The image was the exact same one that I had used in a painting called cinematic beginnings.   When I say that I search the "cloud" for synchronicities I hadn't thought that it would pertain to my work.  Though I should be more forgiving as there are quite a few artists making work in North America and that I shouldn't beat myself up about it.  If people are working from popular or corporate images there is bound to be some overlap.  This could mean one of two things however.  

-One, that I am on the right track, that since this gentlemen is using these images there is something special about them that makes it worth while.  

-Two, that I am on the wrong track and headed towards obscurity.  The second, more dire circumstantial situation is the one that I have been dreading for years but have not had any indisputable truth to go by.  This is an indisputable truth though.  Cuss.  

Obviously this gentlemen has been painting for a long time.  I always thought that the found images game would be something that I would work out of.  It has made me very sensitive to illustrative techniques and I am finding these recycled images everywhere.  Ones that I have seen in my clippings of magazines and books and those that I have physically used in my art.  The question now is what will I do.  This gentleman's work was quite exhaustive and detailed.  He projected the images and work from reference creating a very painterly style.  I have gone in a similar direction where I attempted to make the image disappear while maintaining a sense of realism in the paint.  I focused on the use of colour and composition rather than brushstroke and paint.  This is perhaps the largest problem facing me at this point.  I have a solution to this problem.  

I have always been struggling with the direction of my work; where it was taking me, etc.  I assumed that by simply working I would get there.  That mediated steps would result in too much planning and would ultimately ruin my work.  This is partly true.  However if I look down the line I see a dead end.  I have always assumed what it would look like, now I know what it is.  If I am to escape this void that Western art seems to be spiraling into I have to look far ahead and escape before it is too late.  

Even now as I write this I am talking as if I am a prisoner of some system.  In an interview lately I actually said that I work with perspective because I feel that it echoes the system, but I am only perpetuating it by following it, whether I am pointing it out or not.

The only thing that I can think of that would save me from my terrible end at this point is to abandon structure and found images in favour of something that makes more sense.  The only problem is, I'm not sure if I can undo the damage that has already been done.  

3 comments:

Matt said...

I'm curious as to what you mean when you suggest that abandoning structure is going to make more sense. Do you mean make more sense in terms of planning your trajectory, make more sense to the viewer, etc.? Also, what kind of structure, specifically? Do you mean compositional structure, or societal expectations more generally?

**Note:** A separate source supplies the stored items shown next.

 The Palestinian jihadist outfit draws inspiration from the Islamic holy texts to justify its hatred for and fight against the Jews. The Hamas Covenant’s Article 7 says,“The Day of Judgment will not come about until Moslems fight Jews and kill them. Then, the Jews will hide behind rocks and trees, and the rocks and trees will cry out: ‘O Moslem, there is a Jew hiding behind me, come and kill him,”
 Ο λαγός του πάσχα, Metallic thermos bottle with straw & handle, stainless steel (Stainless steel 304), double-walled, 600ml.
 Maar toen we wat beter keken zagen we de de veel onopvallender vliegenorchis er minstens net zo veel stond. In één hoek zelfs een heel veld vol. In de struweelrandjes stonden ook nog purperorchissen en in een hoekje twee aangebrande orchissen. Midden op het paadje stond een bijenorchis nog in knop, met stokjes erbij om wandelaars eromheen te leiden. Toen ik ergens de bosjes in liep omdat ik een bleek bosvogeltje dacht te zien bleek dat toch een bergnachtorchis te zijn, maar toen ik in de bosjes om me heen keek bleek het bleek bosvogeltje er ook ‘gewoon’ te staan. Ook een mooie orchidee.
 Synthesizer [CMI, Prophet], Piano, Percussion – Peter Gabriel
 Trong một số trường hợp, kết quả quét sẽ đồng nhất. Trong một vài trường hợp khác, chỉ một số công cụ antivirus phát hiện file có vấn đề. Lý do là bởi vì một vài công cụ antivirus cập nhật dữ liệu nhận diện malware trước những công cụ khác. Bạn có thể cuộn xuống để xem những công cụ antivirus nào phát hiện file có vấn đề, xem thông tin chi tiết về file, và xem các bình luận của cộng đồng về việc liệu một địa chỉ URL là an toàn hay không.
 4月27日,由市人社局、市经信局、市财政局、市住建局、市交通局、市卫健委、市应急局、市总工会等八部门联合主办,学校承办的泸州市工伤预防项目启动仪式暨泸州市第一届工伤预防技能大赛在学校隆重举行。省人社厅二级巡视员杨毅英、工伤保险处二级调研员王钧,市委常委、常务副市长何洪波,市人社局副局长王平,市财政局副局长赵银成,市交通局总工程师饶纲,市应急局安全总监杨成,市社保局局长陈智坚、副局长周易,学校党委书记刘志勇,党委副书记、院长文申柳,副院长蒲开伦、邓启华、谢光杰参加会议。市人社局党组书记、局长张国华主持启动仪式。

Also, I wonder if there is a way to still utilize your found images while "saving yourself from obscurity". Your work is amazing, and you use found images in more interesting ways than I've ever seen, but you may be right in that the broader movement of art of which that method is a part may be coming to a close. You would know better than I, but it seems that the flirtation with 'mixed media' (or more specifically, 'found media') and its cognate projects either has to gel into something substantial (puns not intended, but I'll take 'em), or it has to fade away (i.e., found media for the sake of found media may not have enough staying power---not that this is your own motive, but it does seem to characterize much of the movement generally speaking). I've seen in your work a hope for the art form, and I think that it may be premature to give up on it. Perhaps you can work toward making it 'gel', or conversely, use its inevitable collapse as an opportunity to document and comment on said collapse. I am, of course, taking your word for it that a new movement (and ipso facto an end to this one) might be on its way.

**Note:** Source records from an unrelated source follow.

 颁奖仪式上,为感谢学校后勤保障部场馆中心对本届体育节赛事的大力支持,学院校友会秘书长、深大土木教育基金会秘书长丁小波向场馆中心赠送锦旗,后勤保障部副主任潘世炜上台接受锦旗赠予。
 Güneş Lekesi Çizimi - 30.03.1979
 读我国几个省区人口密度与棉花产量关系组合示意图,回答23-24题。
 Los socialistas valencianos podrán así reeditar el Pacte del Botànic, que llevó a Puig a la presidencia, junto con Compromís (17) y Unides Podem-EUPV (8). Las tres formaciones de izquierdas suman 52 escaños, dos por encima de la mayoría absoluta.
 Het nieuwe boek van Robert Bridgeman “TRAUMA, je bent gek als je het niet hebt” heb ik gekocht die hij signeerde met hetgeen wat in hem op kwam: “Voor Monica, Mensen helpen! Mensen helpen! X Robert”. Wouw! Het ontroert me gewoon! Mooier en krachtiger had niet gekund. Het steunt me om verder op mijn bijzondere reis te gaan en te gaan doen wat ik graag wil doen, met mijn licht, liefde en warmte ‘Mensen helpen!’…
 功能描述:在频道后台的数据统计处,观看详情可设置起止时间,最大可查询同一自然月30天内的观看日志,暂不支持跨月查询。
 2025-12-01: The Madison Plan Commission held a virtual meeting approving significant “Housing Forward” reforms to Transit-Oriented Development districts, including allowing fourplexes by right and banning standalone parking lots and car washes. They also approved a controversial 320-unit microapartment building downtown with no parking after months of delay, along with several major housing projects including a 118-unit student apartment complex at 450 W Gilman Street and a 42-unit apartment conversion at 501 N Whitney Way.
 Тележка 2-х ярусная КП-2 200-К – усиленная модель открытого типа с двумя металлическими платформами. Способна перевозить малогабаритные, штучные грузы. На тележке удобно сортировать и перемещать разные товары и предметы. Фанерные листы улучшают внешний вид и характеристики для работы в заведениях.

I wonder if this might be a good opportunity to 'go meta'. Is there a way to use found images in a way that comments on the art form of using found images? Might this meta-commentary provide you the opportunity to depart from structure while still utilizing the substantial skills you've developed in the art form? What about a piece that specifically calls into question the assumptions made by artists about, or the normative constraints on, the formal structure of found-image pieces?

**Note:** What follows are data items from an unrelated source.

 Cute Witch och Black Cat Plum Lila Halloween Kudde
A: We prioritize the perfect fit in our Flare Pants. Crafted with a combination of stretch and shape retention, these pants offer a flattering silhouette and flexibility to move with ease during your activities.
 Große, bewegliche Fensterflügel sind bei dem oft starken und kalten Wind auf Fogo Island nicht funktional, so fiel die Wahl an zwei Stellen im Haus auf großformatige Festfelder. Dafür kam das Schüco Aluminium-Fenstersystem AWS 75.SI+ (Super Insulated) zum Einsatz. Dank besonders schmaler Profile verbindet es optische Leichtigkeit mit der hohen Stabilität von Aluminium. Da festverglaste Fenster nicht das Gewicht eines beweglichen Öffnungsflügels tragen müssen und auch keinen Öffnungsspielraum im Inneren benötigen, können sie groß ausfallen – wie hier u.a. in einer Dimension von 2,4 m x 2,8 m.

Of course, the danger of this approach is that the relevance of such a commentary is highly contingent on the viewer being embedded in this epoch of art history, and therefore may also doom the artist to obscurity. But if you could find a way to comment on the old practices by ushering in the new wave... that sounds like staying power to me.

Stephen Paul Fulton said...
This comment has been removed by the author.
Maikeru1333 said...

have you seen 'men who stare at goats'?
walk through the wall of your cage.
no, run.

conventional images will always have a place; no matter what visionary dreams we can project, if they are not rooted in the real, there is a disconnect, and people may not relate: it seems to me you want to reach people with your art.

Are you knowledgeable on the principle of 'redefining convention and culture' known as 'ad-busting'?

Part Humour, part shock, part Truth... part inside joke that people nod at every time they are reminded by the conventions that still exist around them, that sometimes they feel powerless to change... even when they fell they cannot speak out openly, there exist still, the knowing glances, exchanged, between those who have Known and Seen.

It is leaving a landline near the rabit-hole, so that people who have dreamed of the space between the worlds we are shown and given, can find the secret door that leads them beneath the structures we feel trapped by; into their guts, where sense can be made of things, and other ways to navigate the world, and its ideas, can be found.

To abandon what is real, and even convention, in this world, whether we like it or not, may be to leave many people behind, without a guide, to these ideas that could help them escape this maze... to make their own spiritual journey's and find meaning in this world.
For, I think, in a very real sense, an artist is a guide in the realm of spirit. By sharing what and who you are, what you see, you can transcend the cage of words and convention, sometimes perverted into lies and deception, with a Truth that can transcend the language barriers so many of us are trapped by, our struggle with.
Language is a battle the mainstream have mastered deeply; but image and personal truth is not something they can own or distort so easily: they would have to understand it themselves first, and by so doing, have freed themselves from their own illusions.
So by its very nature it can defy oppression and enslavement in ideas of disempowerment, if used well.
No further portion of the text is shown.